NDLR. Aucune organisation n'a à ce jour déconseillé aux voyageurs de se rendre au Kenya. On comprend bien que la principale ressource économique du pays est le tourisme et que bien des " tour-opérateurs " génèrent une grande partie de leur chiffre d'affaire avec le Kenya.Mais disons-le clairement : il ne nous paraît pas raisonnable d'aller actuellement dans ce pays ; nous doutons fort d'ailleurs que les touristes y passent en ce moment des vacances de rêve tant règnent la désorganisation et la panique. Pour ceux qui persisteront à consommer leur " tour " déjà payé et non remboursable, répercutons-leur les conseils de l'OMS : porter des chemises à manches longues et pantalons fermés aux extrémités, utiliser abondamment des répulsifs anti-moustiques, ne dormir que sous moustiquaire imprégnée d'insectides. Et qu'ils soient vaccinés contre tout ce qui est vaccinable'

Hong-Kong : après les poulets, on ne mange plus de poissons

Depuis le milieu du mois de janvier, à Hong-Kong, plusieurs dizaines de patients ont été hospitalisés, victimes de la ciguatera. Dès l'annonce de ces faits par les autorités, la consommation de poissons a chuté dans la nouvelle " région administrative " de la Chine. Les puissantes organisations de pêcheurs hurlent à l'incompétence des autorités et leur proposent ironiquement de procéder à un massacre des poissons similaire à celui des poulets.

Source : ProMED.

NDLR. La ciguatera (ou " gratte " ou ichtyosarcotoxisme), dont nous parlions dans le précédent numéro de VISA, est une intoxication liée à l'ingestion de poissons tropicaux porteurs d'une toxine qui résiste à la cuisson. Habituellement, les poissons à risque sont reconnus par les professionnels, pêcheurs ou restaurateurs : d'où le risque quasi nul pour les voyageurs qui se contentent de manger dans les restaurants. Mais dans le cas présent à Hong Kong, rien ne fut dépisté ; et il ne s'agit pas de malveillance car un restaurateur lui-même est actuellement hospitalisé.

Obligations vaccinales pour le pèlerinage à La Mecque

1) Pèlerins en provenance du monde entier. Vaccination contre la méningite A+C datant de moins de 3 ans et de plus de 10 jours.

2) Tous les voyageurs en provenance d'un pays d'endémicité amarile (cf VISA n°5): vaccination fièvre jaune datant de moins de 10 ans et de plus de 10 jours.
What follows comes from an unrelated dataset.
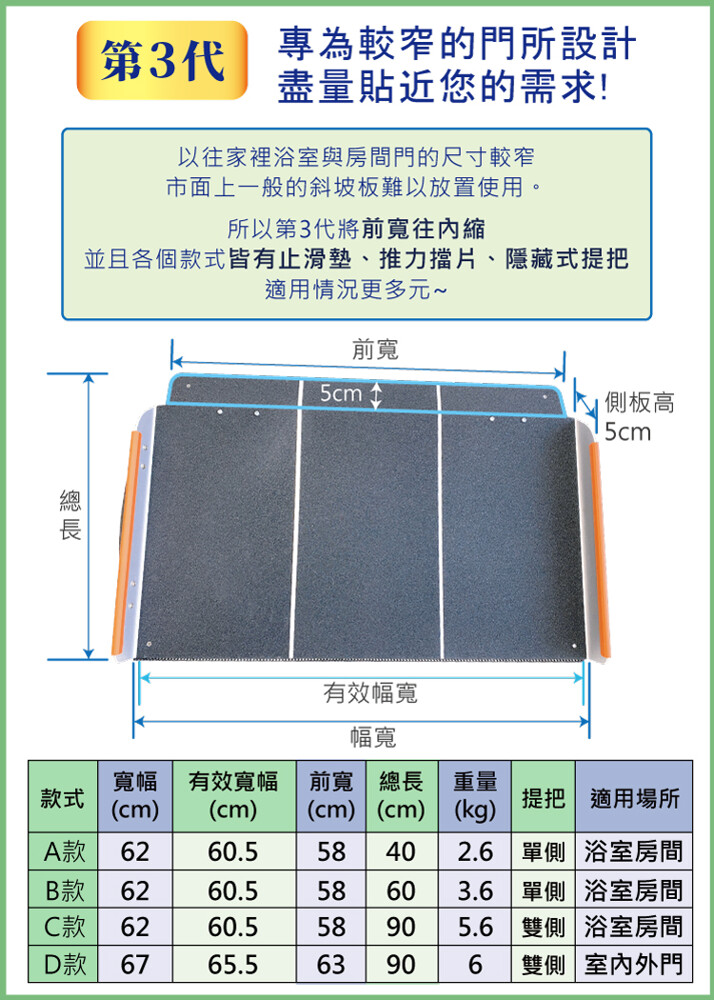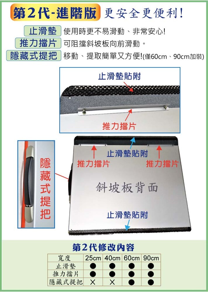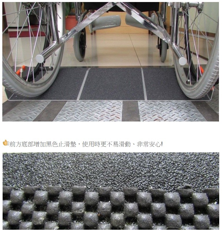 台灣製/外銷日本款 附防掉落側板、防刮傷膠條, 止滑加工、推力擋板,安全升級!! 可直接放置使用,也可鎖上固定 ★☆★非固定式斜坡板A款- 如需申請居家無障礙設施補助之保固書,請在下訂後於備註欄註明或來電告知我們唷~★☆★

3) Tous les voyageurs en provenance de l'ex-URSS : vaccination contre la diphtérie et certificat attestant qu'ils ont reçu une dose de benzathine pénicilline.

Source : OMS

NDLR. Ces dispositions, unilatéralement prises par les autorités saoudiennes, sont rapportées par l'OMS qui en prend acte mais ne les cautionne pas. Les médecins amenés à voir les candidats pèlerins doivent veiller à rédiger très minutieusement leur certificat (seulement en arabe, en anglais ou -merci !- en français) car, disent les textes saoudiens, si l'authenticité du certificat de vaccination prête au doute, le titulaire du document sera revacciné. Le détail de ces dispositions est donné par le Relevé épidémiologique hebdomadaire de l'OMS (1998 ; 1/2 : 4-6).Le pèlerinage (Hadj) commencera au début du mois de mars.